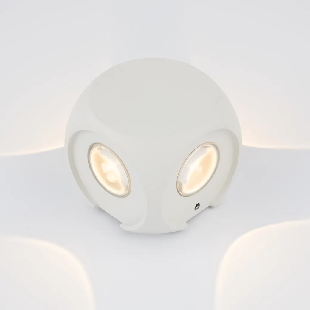 Серия настенных уличных светильников для архитектурно-художественной подсветки. Проходя через оптические линзы, расположенные с четырех сторон корпуса, световой поток фокусируется, оставляя на освещаемой поверхности четкий графический рисунок. Корпус изготовлен из устойчивого к перепадам температуры и коррозии алюминиевого сплава. В качестве источника света используется интегрированный LED-модуль. Модели серии представлены в черном и белом цвете.
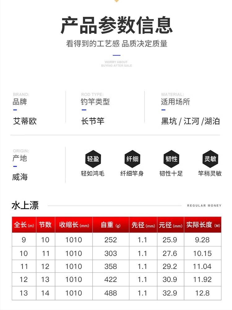 📚 艾蒂欧水上漂传统钓长杆手竿超轻超硬长竿炮杆12米13米鱼竿炮竿
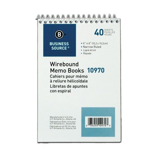 Wirebound Memo Book features a rigid chipboard cover, wire binding at the top, and white paper with narrow, faint blue, 1/4'' ruling.
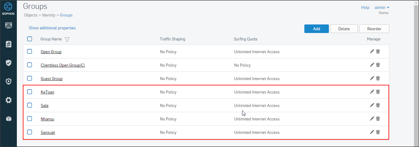 Tạo nhóm tại Objects => Identity => Groups
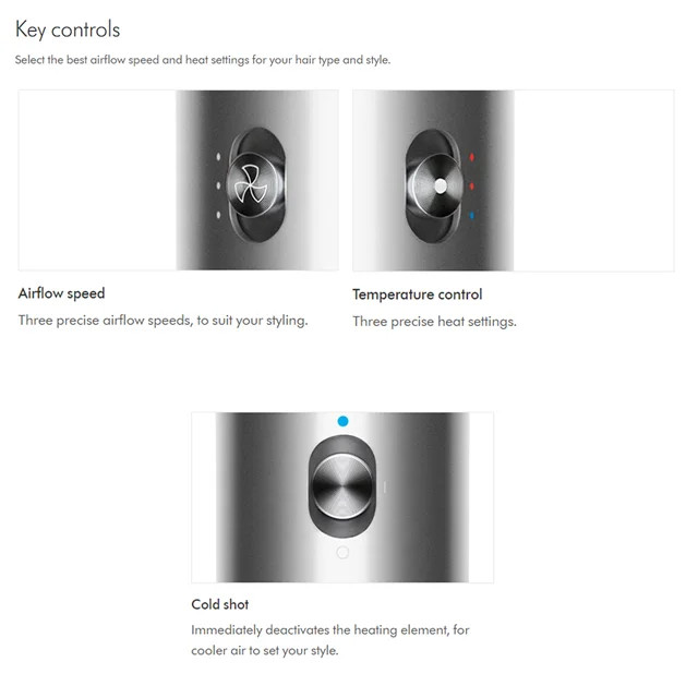 - فناوری Coanda بدون حرارت آسیبزا: استفاده از جریان هوای منحنی اثر Coanda برای کشیدن مو به سمت سری و حالتدهی طبیعی بدون استفاده از حرارت بالا و بدون به کار بردن سری های فلزی، که باعث محافظت از سلامت موی شما میشود.
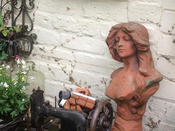 Keywords: bust clay terracotta woman yard garden old worn vintage garden ornament garden figurines junk terracotta lady
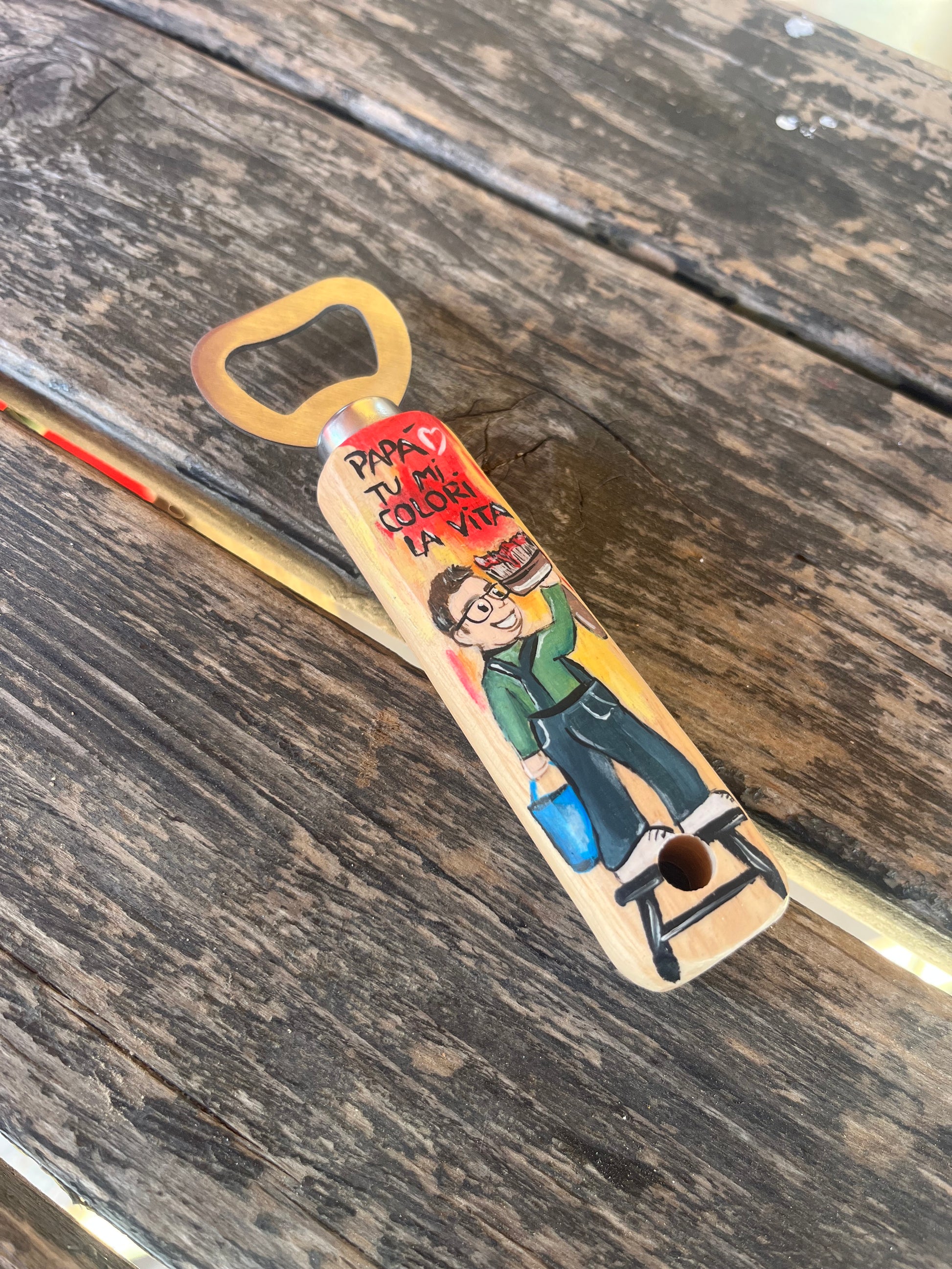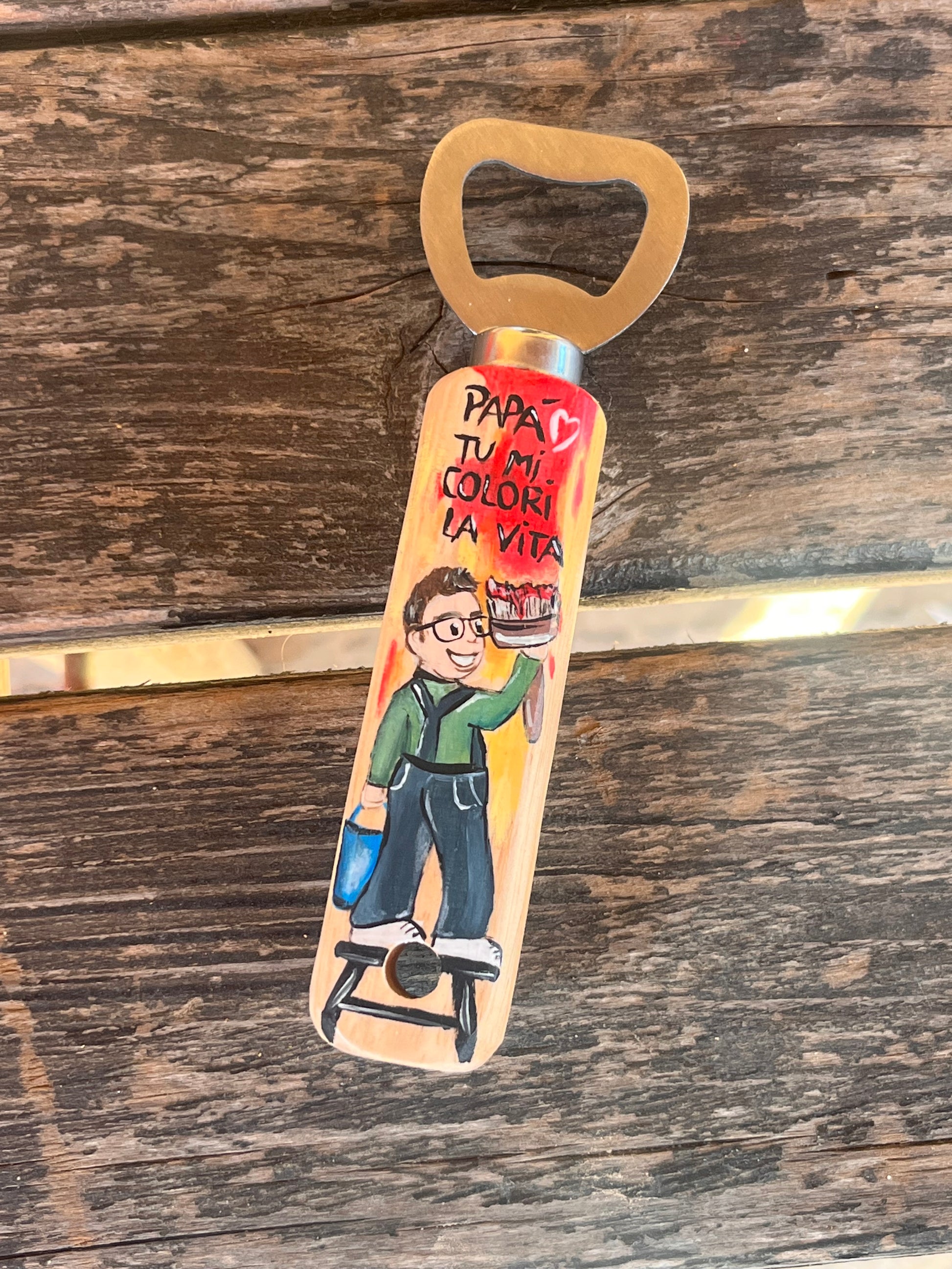 Un apribottiglie originale .Dipinto a mano per rendere unico il regalo per la festa del papà.
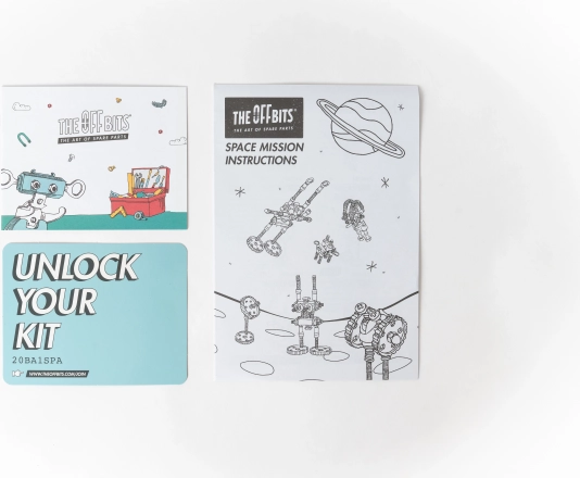 Creatieve bouwset The OffBits Ruimtemissie: 150+ onderdelen, gereedschap inbegrepen, 3 modellen en eindeloze mogelijkheden. Ontwikkelt creativiteit en STEAM-vaardigheden vanaf 8 jaar.
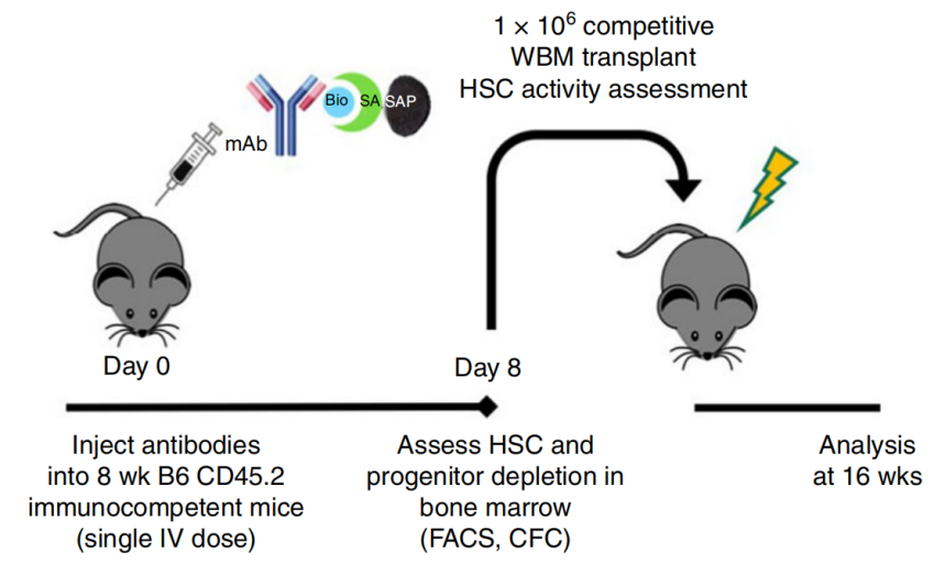 ZAP生物素化内化试剂盒可基于生物素*亲合素结合放大系统的原理,允许我们使用已经生物素化的靶向物(如一抗)来自制靶向毒素,靶向消除动物体内或体外感兴趣的细胞。 造血干细胞移植(HSCT)的治疗效果容易受宿主体内造血干细胞(HSC)影响,导致多种并发症。这项研究使用带有生物素基团的CD117与CD45抗体分别和ZAP生物素化内化试剂盒反应制作抗体偶联结合物——CD117-ADC与CD45-ADC,再通过静脉注射的方式输入小鼠体内(见下图),用于探究淋巴细胞耗竭对HSCT效果的影响。研究结果发现CD117-ADC可以在保持免疫力的提前下,以最小的毒性有效且特异性地消除小鼠体内的HSC,从而有利于安全高效地进行全骨髓(WBM)或纯化HSC的移植。 ZAP抗体内化试剂盒(适用于体外实验) ZAP生物素化内化试剂盒(适用于体外实验 / 体内实验) Advanced Targeting Systems(ATS)是一家位于美国的生物技术公司,致力于为科学研究和药物开发提供高质量的靶向试剂,ATS也是率先将靶向结合物用于“分子外科手术”技术的公司,其产品作为跨领域研究工具,在免疫学、神经科学研究领域有广泛的应用前景。 特色产品包括: Saporin Targeted Toxins(靶向毒素) Secondary Conjugates(二级偶连毒素)ZAP 产品 ZAP抗体内化试剂盒 ZAP生物素化内化试剂盒 巨头的世界总是偏执于大和全, 但无碍于ATS多年来在靶向毒素上的潜心投入。 少即是多,因小而美。 这里是专注精品试剂的四正柏生物, 想要了解更多ATS的产品, 敬请与我们联系。 .png)
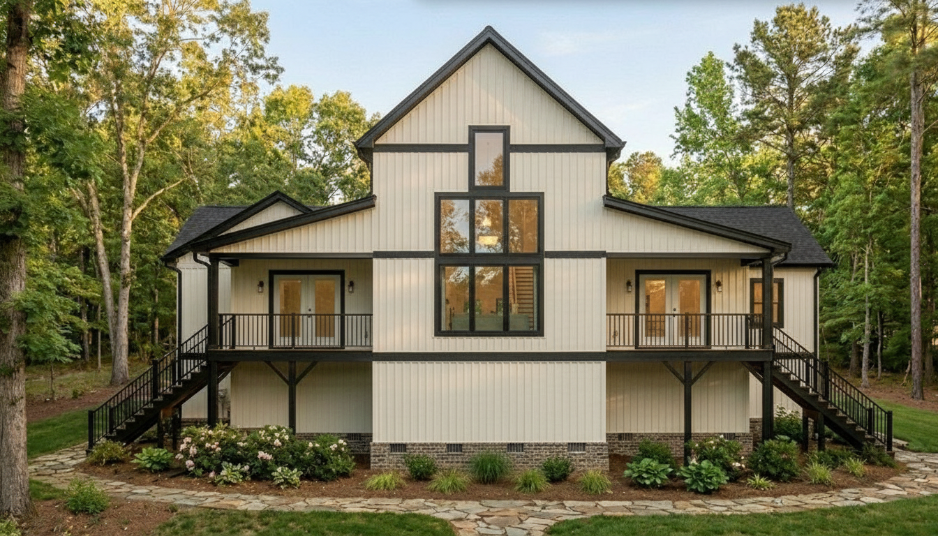 partly cloudy sky pella fossil windows deciduous trees in background off white color siding
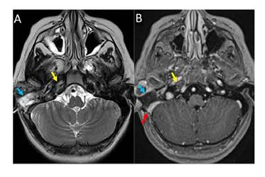 El compromiso de este nervio se explica por el contacto del ápex petroso con la porción del VI par craneal dentro del canal de Dorello en su trayecto por debajo del ligamento petroclival, que está expuesto a procesos inflamatorios (13). Además, es importante estudiar el mimetismo del síndrome de Gradenigo (5) y otras causas de parálisis del nervio motor ocular externo.
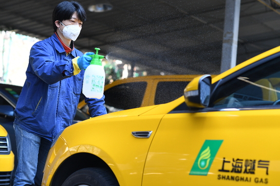 上海燃氣檢修人員對待命中的出勤車輛進行消毒。(企業供圖)
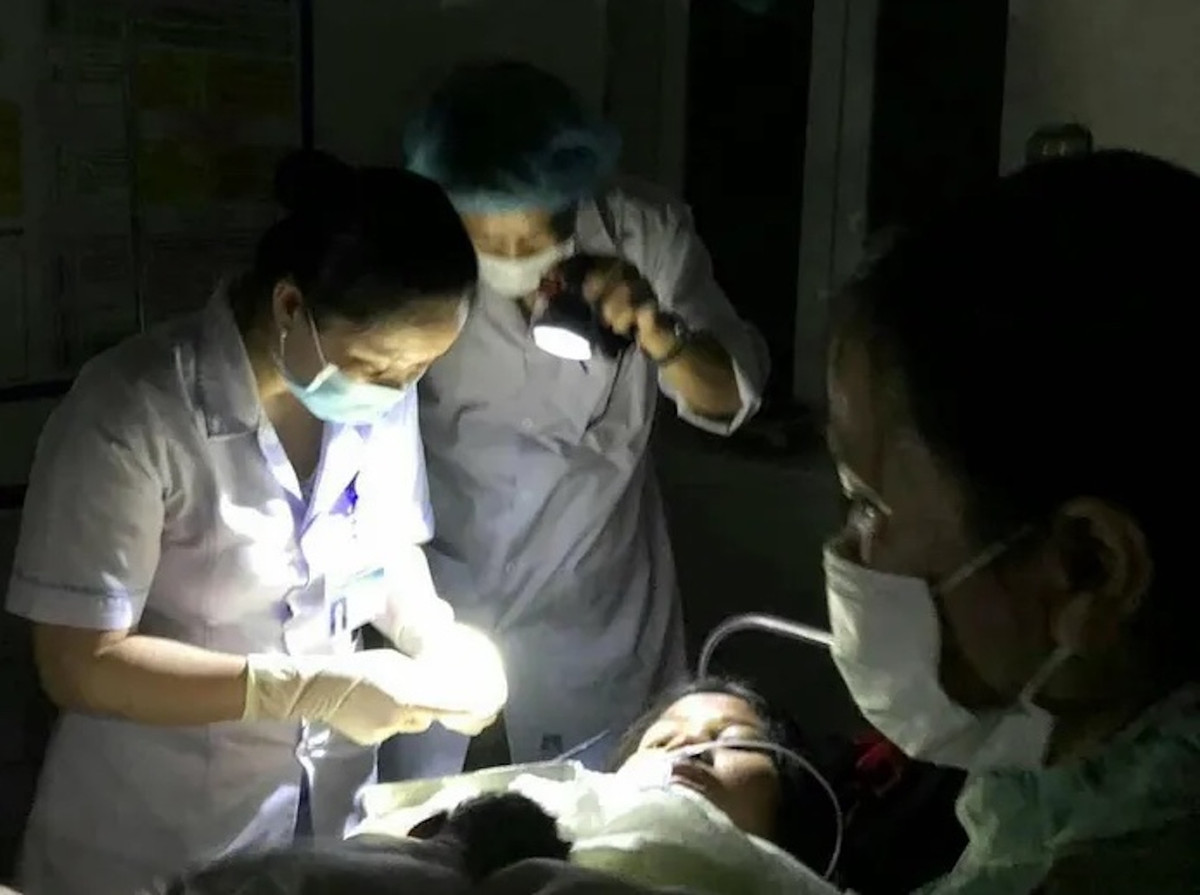 Bác sĩ ở Trung tâm y tế huyện Hướng hoá rọi đèn đỡ đẻ cho một sản phụ sinh.
☆ ☆ ☆ ☆
Exactly as written, repeat the lines from the beginning of the entries up to and including the line with "Tạo nhóm tại Objects => Identity => Groups", but not the pictures.

 Серия настенных уличных светильников для архитектурно-художественной подсветки. Проходя через оптические линзы, расположенные с четырех сторон корпуса, световой поток фокусируется, оставляя на освещаемой поверхности четкий графический рисунок. Корпус изготовлен из устойчивого к перепадам температуры и коррозии алюминиевого сплава. В качестве источника света используется интегрированный LED-модуль. Модели серии представлены в черном и белом цвете.
 📚 艾蒂欧水上漂传统钓长杆手竿超轻超硬长竿炮杆12米13米鱼竿炮竿
 Wirebound Memo Book features a rigid chipboard cover, wire binding at the top, and white paper with narrow, faint blue, 1/4'' ruling.
 Tạo nhóm tại Objects => Identity => Groups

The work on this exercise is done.